Search the entries below for "وَكَمَا سَنُورِدُهُ فِي". Give that line and all the lines after it again, exactly, through the last, without pictures.

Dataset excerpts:
====

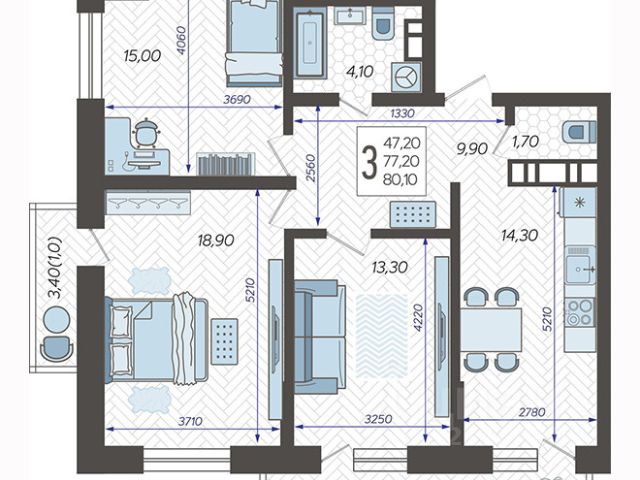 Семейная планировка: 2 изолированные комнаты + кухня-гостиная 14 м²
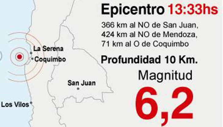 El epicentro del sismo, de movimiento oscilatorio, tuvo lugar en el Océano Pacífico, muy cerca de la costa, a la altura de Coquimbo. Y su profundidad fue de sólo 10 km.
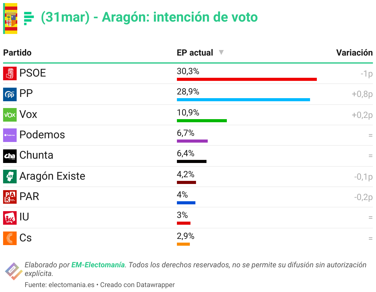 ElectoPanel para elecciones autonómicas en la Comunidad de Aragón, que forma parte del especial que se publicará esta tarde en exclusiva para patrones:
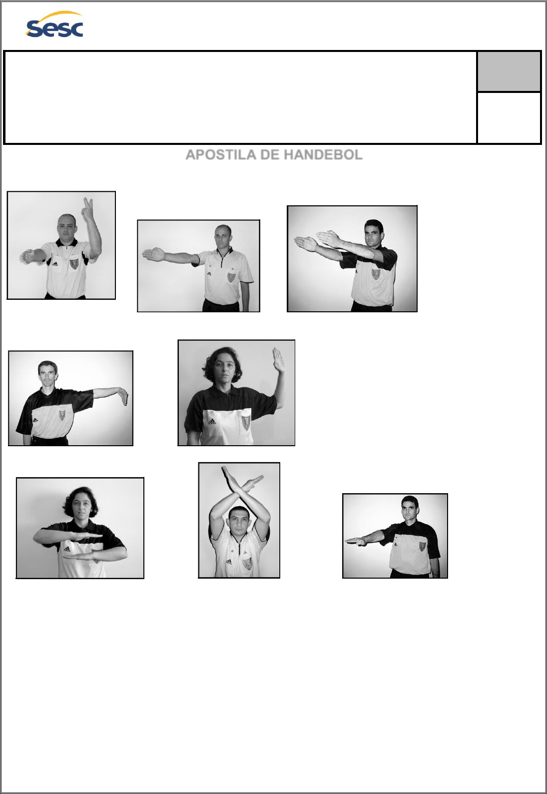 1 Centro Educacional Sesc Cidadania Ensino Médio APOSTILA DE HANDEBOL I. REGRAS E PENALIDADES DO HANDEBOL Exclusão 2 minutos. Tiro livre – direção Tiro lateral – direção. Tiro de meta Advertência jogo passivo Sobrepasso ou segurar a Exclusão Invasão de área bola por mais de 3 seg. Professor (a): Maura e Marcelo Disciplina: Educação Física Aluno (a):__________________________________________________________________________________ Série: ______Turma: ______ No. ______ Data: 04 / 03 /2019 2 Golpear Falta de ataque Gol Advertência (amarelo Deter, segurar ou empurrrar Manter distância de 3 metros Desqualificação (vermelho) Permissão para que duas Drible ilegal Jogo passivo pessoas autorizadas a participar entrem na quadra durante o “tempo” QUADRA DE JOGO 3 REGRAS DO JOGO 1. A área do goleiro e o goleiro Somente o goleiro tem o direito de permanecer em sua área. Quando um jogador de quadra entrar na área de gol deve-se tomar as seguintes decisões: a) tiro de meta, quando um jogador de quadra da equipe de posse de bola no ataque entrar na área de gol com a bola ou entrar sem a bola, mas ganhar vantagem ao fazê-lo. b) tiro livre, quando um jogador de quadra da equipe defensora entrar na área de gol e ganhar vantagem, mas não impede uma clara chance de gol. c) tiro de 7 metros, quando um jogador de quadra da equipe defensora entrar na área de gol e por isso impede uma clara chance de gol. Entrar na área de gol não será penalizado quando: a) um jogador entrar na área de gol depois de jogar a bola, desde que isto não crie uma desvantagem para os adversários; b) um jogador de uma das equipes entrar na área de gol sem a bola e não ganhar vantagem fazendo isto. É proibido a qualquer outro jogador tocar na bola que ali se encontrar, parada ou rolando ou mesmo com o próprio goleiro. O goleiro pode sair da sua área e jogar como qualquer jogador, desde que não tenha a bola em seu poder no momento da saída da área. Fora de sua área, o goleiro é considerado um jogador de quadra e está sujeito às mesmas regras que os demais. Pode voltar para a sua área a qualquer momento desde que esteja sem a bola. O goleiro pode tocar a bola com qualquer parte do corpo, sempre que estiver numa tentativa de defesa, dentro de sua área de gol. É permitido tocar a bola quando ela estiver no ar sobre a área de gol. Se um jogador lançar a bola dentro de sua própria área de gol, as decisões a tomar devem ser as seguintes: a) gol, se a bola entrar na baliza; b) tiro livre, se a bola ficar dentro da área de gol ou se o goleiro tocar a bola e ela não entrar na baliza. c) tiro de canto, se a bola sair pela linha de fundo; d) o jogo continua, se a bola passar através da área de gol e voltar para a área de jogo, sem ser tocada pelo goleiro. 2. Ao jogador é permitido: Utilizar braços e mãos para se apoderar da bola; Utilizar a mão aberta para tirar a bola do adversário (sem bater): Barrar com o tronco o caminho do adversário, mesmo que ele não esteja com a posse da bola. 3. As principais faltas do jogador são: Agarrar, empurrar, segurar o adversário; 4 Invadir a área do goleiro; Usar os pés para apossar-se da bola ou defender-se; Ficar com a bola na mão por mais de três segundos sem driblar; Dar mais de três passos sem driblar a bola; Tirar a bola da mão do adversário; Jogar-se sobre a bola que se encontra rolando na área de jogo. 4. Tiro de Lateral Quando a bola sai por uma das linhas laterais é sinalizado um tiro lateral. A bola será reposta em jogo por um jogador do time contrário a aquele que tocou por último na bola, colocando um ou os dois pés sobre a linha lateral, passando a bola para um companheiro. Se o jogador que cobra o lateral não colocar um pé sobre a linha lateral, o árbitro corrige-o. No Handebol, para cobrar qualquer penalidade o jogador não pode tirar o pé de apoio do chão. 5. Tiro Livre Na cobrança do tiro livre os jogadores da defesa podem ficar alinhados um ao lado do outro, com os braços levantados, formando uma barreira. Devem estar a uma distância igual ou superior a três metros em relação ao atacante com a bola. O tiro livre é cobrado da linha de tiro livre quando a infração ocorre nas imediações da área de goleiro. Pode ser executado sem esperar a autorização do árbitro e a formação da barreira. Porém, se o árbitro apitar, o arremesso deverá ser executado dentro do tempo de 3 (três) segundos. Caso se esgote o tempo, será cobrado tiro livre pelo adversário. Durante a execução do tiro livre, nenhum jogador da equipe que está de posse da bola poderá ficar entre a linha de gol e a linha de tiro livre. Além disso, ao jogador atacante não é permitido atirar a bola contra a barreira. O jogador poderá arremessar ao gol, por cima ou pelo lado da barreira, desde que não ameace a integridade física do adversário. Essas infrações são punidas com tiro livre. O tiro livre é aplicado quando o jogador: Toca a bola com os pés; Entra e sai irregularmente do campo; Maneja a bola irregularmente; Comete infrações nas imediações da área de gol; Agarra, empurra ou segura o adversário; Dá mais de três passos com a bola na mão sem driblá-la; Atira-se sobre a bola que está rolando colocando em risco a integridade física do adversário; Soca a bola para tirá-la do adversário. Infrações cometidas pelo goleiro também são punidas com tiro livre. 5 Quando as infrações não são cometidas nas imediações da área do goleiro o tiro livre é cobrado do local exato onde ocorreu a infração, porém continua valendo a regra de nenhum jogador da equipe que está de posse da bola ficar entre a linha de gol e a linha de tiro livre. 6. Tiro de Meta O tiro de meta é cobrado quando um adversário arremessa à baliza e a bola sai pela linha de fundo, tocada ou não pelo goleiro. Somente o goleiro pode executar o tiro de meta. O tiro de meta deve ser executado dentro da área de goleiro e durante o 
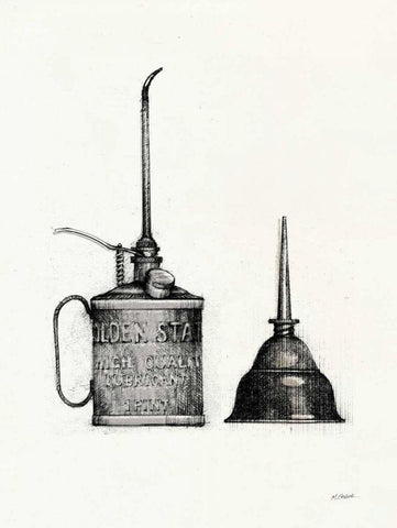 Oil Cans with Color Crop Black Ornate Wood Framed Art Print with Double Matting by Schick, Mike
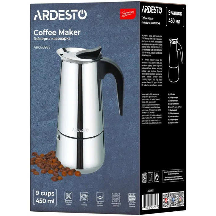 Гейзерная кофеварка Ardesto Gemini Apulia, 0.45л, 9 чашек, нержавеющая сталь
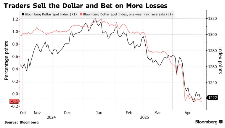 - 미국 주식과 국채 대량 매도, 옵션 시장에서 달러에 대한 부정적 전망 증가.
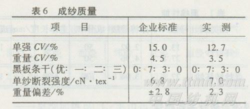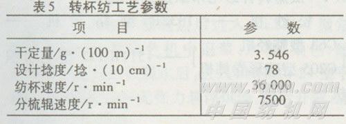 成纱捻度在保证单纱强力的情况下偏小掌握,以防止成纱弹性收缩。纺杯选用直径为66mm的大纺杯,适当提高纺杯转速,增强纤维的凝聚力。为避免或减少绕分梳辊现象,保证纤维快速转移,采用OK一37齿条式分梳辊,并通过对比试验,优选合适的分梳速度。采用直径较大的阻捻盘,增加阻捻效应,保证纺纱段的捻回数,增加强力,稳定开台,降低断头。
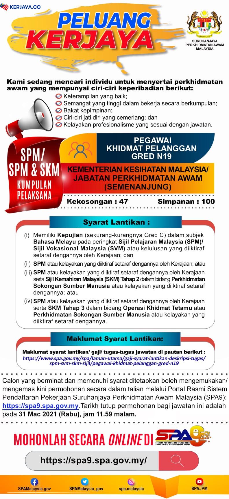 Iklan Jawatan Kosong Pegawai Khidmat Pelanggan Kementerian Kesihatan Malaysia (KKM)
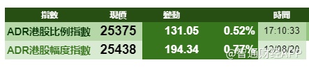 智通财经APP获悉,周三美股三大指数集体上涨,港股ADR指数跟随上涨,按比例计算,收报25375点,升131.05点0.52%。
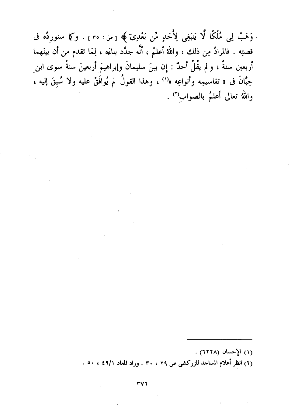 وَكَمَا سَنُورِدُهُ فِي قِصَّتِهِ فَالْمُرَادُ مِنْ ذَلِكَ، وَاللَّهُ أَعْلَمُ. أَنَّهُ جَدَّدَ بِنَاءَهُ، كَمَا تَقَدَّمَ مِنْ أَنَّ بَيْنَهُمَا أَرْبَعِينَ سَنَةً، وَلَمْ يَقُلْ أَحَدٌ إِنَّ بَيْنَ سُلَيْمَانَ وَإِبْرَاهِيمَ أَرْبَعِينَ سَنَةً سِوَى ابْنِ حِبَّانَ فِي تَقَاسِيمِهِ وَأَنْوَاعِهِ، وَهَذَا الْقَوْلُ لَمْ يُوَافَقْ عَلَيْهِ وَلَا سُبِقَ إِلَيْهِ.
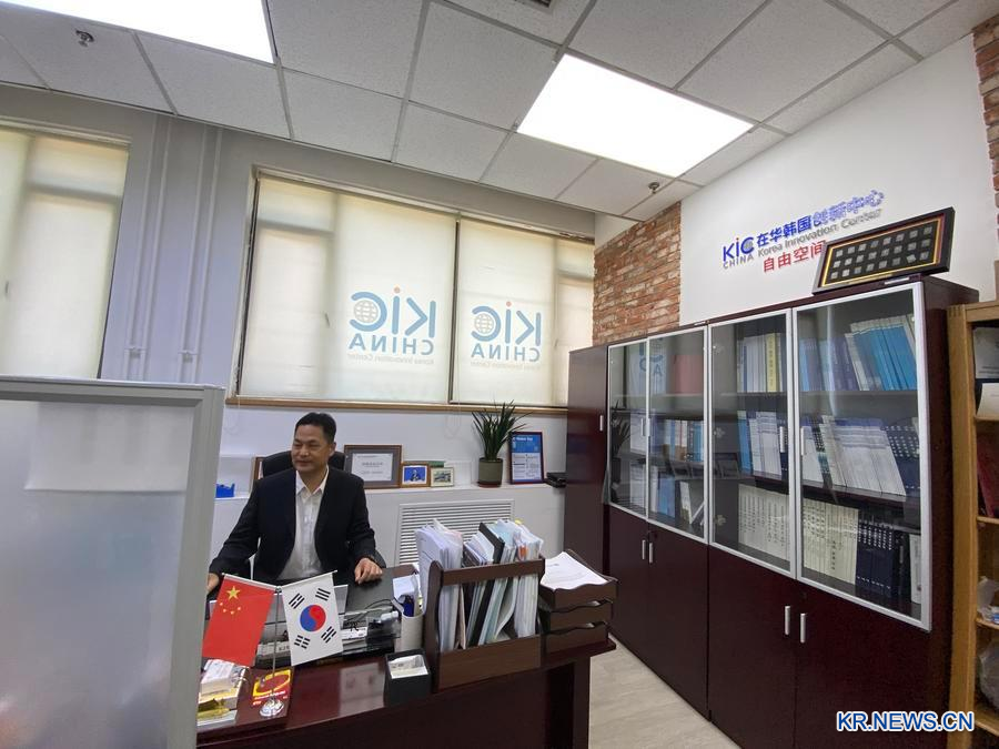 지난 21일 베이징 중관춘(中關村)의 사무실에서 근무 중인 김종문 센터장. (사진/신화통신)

====

Result for this task:
 وَكَمَا سَنُورِدُهُ فِي قِصَّتِهِ فَالْمُرَادُ مِنْ ذَلِكَ، وَاللَّهُ أَعْلَمُ. أَنَّهُ جَدَّدَ بِنَاءَهُ، كَمَا تَقَدَّمَ مِنْ أَنَّ بَيْنَهُمَا أَرْبَعِينَ سَنَةً، وَلَمْ يَقُلْ أَحَدٌ إِنَّ بَيْنَ سُلَيْمَانَ وَإِبْرَاهِيمَ أَرْبَعِينَ سَنَةً سِوَى ابْنِ حِبَّانَ فِي تَقَاسِيمِهِ وَأَنْوَاعِهِ، وَهَذَا الْقَوْلُ لَمْ يُوَافَقْ عَلَيْهِ وَلَا سُبِقَ إِلَيْهِ.
 지난 21일 베이징 중관춘(中關村)의 사무실에서 근무 중인 김종문 센터장. (사진/신화통신)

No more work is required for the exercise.